In effetti però il 30 per cento delle donne non va oltre i 400 euro mensili, contro il 20,2 per cento degli
uomini. Solo il 17,1 per cento degli uomini e il 15 per cento delle donne percepisce tra i 1000 e i 1400
euro al mese. I due terzi degli intervistati (65,9 per cento) dichiarano di essere poco o per niente
soddisfatti del trattamento economico: si dichiara molto soddisfatto appena il 4,7 per cento.
Mancanza di tutela. Essere atipici significa non poter effettuare scelte di vita importanti: lo denuncia
il 76,3 per cento delle donne e il 52,8 per cento degli uomini. E' un aspetto che si fa sentire di più con
l'età (pesa al 74,7 per cento di coloro che hanno tra i 33 e i 39 anni). Il 90,5 per cento delle donne e
l'83,9 per cento degli uomini ritiene che il diritto alla maternità sia poco o per niente garantito. Non ci
si stupisce dunque che la stragrande maggioranza del campione (l'89,7 per cento) sia celibe o nubile:
solo il 6,5 per cento degli intervistati ha uno (3,4 per cento) o più figli (3,1 per cento).

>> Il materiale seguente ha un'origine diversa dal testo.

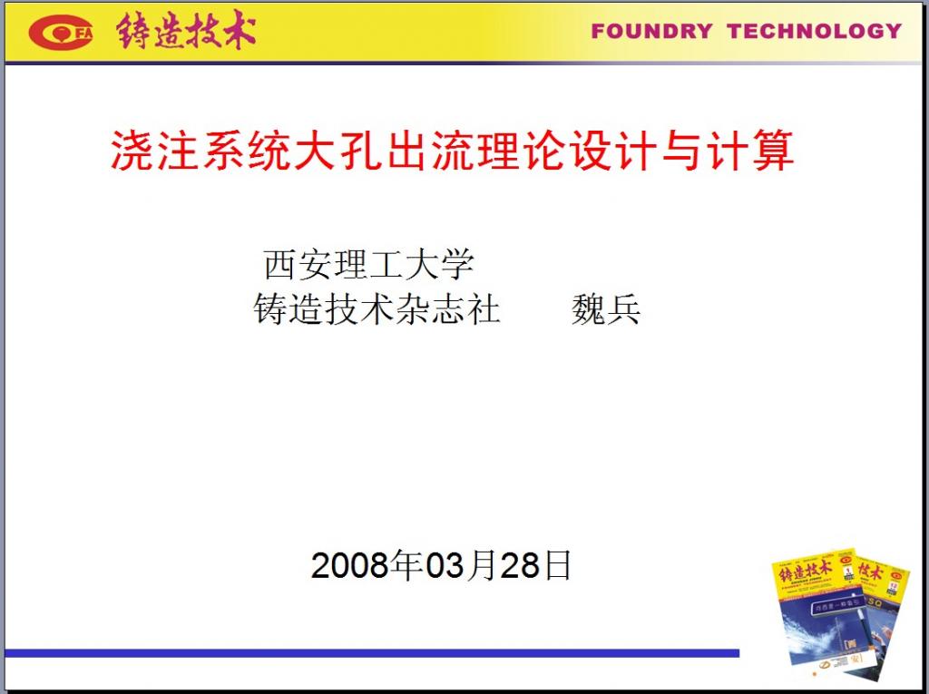 本内容由用户自主发布,如果其内容涉及到知识产权问题,其责任在于用户本人,如对版权有异议,请联系邮箱:xiaomuchong@tal.com - 附件 1 : 魏老师的计算浇注系统讲课资料.rar

Nessun diritto. Per l'81,6 per cento degli intervistati non è tutelato il diritto alla malattia. Oltre il 90
per cento degli intervistati si sente poco o per nulla tutelato rispetto al diritto di sciopero. L'87,9 per
cento lamenta la mancanza del diritto alla formazione.

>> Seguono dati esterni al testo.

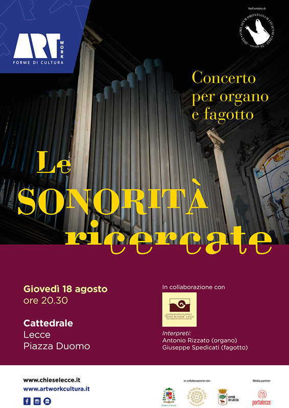 Giubileo oronziano, gli eventi culturali della diocesi con il sostegno di ArtWork. Domani sera in Cattedrale concerto per organo e fagotto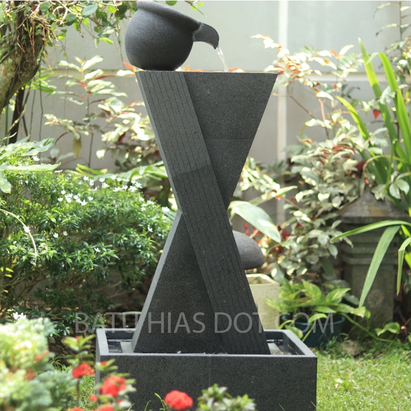 BATU HIAS Air Mancur Taman Hiasan Dekorasi Unik Minimalis Batu Merapi X Stand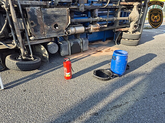 Na kruhovém objezdu ve Zlíně-Malenovicích se převrátil nákladní vůz naložený pytli s cementem. (3. října 2025)

La casa: niente mutuo, difficoltà per l'affitto. Il 71,3 per cento degli intervistati afferma che il fatto
di essere un lavoratore atipico ha influito molto (51,8 per cento) o abbastanza (19,5 per cento) sulla
possibilità di avere un mutuo per comprare una casa. Ma per il 58,8 per cento ha condizionato
negativamente perfino la possibilità di prendere in affitto un appartamento.
Ansia, depressione, malattie psicosomatiche. La maggior parte delle donne lamenta stati di ansia
(52,5 per cento, contro il 37,7 degli uomini) dovuti alla preoccupazione per la mancanza di stabilità nel
proprio lavoro. Il 36,7 per cento del segmento più maturo del campione (33-39 anni) è soggetto a stati
depressivi frequenti (28,7 per cento) o continui (8 per cento). Il 59,6 per cento soffre almeno qualche
volta di disturbi gastro-intestinali, il 55,8 per cento di di dolori muscolari, il 55,3 per cento di
emicranie e mal di testa, il 45,5 per cento di stanchezza cronica, il 40,2 per cento di disturbi della vista,
il 38,8 per cento di problemi cutanei, il 37,2 per cento di inappetenza e debolezza. Il 16,3 per cento
accusa disturbi sessuali, alimentari (15,9 per cento) e il 18 per cento soffre di attacchi di panico, tra
questi ultimi il 6,1 per cento in modo frequente o continuo.
La pensione. Tra le donne il 37,5 per cento ritiene che quando smetterà di lavorare non avrà una
pensione, mentre il 34 per cento pensa che comunque questa non sarà sufficiente a garantire una
vecchiaia dignitosa. In totale il 63,7 per cento del campione ritiene che comunque la pensione che avrà
a fine lavoro sarà insufficiente a garantire un livello di vita dignitoso o non ci sarà affatto. Non a caso
il 34,5 per cento vorrebbe garantirsi una pensione integrativa ma non riesce a provvedervi, perché non
ne ha i mezzi.
Il futuro? Pessimo. Il 52,2 per cento delle donne immagina il proprio futuro economico mediocre o
pessimo. Stessa percezione per il 59,8 per cento degli intervistati di età compresa tra i 33 e i 39 anni, e
per il 59,5 per cento di coloro che vantano un'esperienza lavorativa ultradecennale.